Layered on top of that are tariffs that were already biting manufacturers last year, plus the knock-on effects of elevated oil prices feeding into logistics costs. Every box that gets shipped from a factory to a warehouse to your door costs more than it did two years ago. Companies absorbed some of that pain for a while. But at a certain point, the math stops working, and the cost gets transferred down the chain — contributing further to consumer electronics price increases that shoppers are now feeling at checkout.

‘In the past, you maybe could have waited out little blips like this,’ says Shawn DuBravac, chief economist at the Global Electronics Association, which closely monitors the memory market and its downstream effects. ‘I don’t think that’s the case here. Waiting is not a strategy right now and probably won’t be for the foreseeable future.’

Consumer Electronics Price Increases Are Now Broad-Based

This isn’t a single-category problem. Memory touches almost everything. Phones, tablets, laptops, smart TVs, wearables, gaming hardware — they all depend on DRAM and NAND flash at various points in their design. When supply tightens and costs rise at the component level, the ripple moves outward fast, and consumer electronics price increases follow in category after category.

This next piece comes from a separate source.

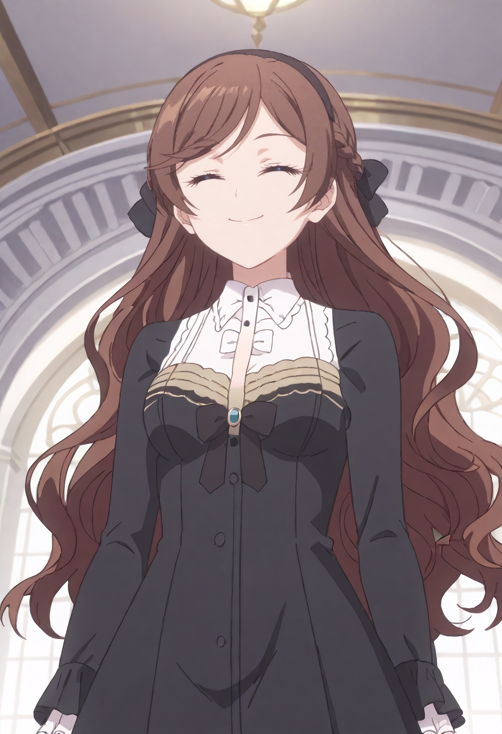GraceBlDress、ロングスリーブ、ヘアバンド、ブラックヘアバンド、ドレス、カラー付きドレス、ブラックドレス、髪のリボン、リボン、ボタン、ブラックリボン、ロングドレス

What makes this wave of consumer electronics price increases particularly tricky for buyers is the timing. Back-to-school season is approaching, and the holiday product cycle is already looming on manufacturers’ roadmaps. That means there’s a very real possibility that the devices people are planning to buy for kids heading to university, or as gifts later in the year, will cost noticeably more by the time they reach shelves.

Thibaud Hug de Larauze, CEO of the secondhand marketplace Back Market, puts it plainly: ‘People are worried that they’re going to have to pay a lot of money for the next device or the next purchase. The bad thing about that is just pushing people to upgrade more rapidly because they’re scared of inflation, basically.’ That kind of fear-buying is real — and it’s exactly the behaviour that can make consumer electronics price increases feel more acute than they already are.

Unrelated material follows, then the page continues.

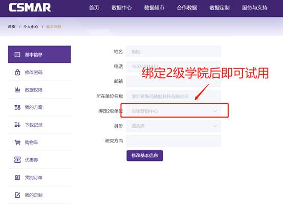 注册成功以后点击基本信息模块,绑定二级学院,即可使用。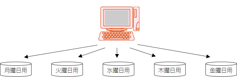 曜日ごとのバックアップデータ(月曜日用、火曜日用など)を用意し、毎日バックアップを実行する

Buying a Used iPhone Makes More Sense Than Ever
Buying a Used iPhone Makes More Sense Than Ever

What the Experts Say You Should Do

DuBravac’s advice breaks down into a few practical tiers. First, if you can go refurbished, go refurbished. Second, if you need something new, pay attention to what has and hasn’t already had a price bump. Products that have already absorbed an increase give you a little more breathing room — the next jump is likely further away. Products that haven’t seen a hike yet may be closer to one than you’d like. Staying informed about consumer electronics price increases by category is genuinely useful right now.

‘They are very intentional in their pricing, and there’s a lot of coordination that goes along with all of that,’ DuBravac says. ‘If you’re looking at products that have already had a price increase, you probably have a little bit of time to think about it.’ That’s not a green light to take months deliberating — but it does suggest you’re not facing an immediate cliff edge on those specific products.

The calculus is genuinely different for people who are financially stretched. Buying everything now before prices rise further isn’t a realistic option when household budgets are already tight. That’s where the refurbished and secondhand markets become more than just an ethical choice — they become a practical lifeline in the face of ongoing consumer electronics price increases.

The Secondhand Market Is Quietly Having a Moment

Here’s the silver lining buried in all of this: the refurbished device market is booming. Platforms like Back Market and recommerce companies like B-Stock are seeing demand surge as more buyers either can’t justify new-device prices or simply don’t want to. And for anyone sitting on a relatively recent device they’re thinking of trading in or selling, the timing is unusually favourable.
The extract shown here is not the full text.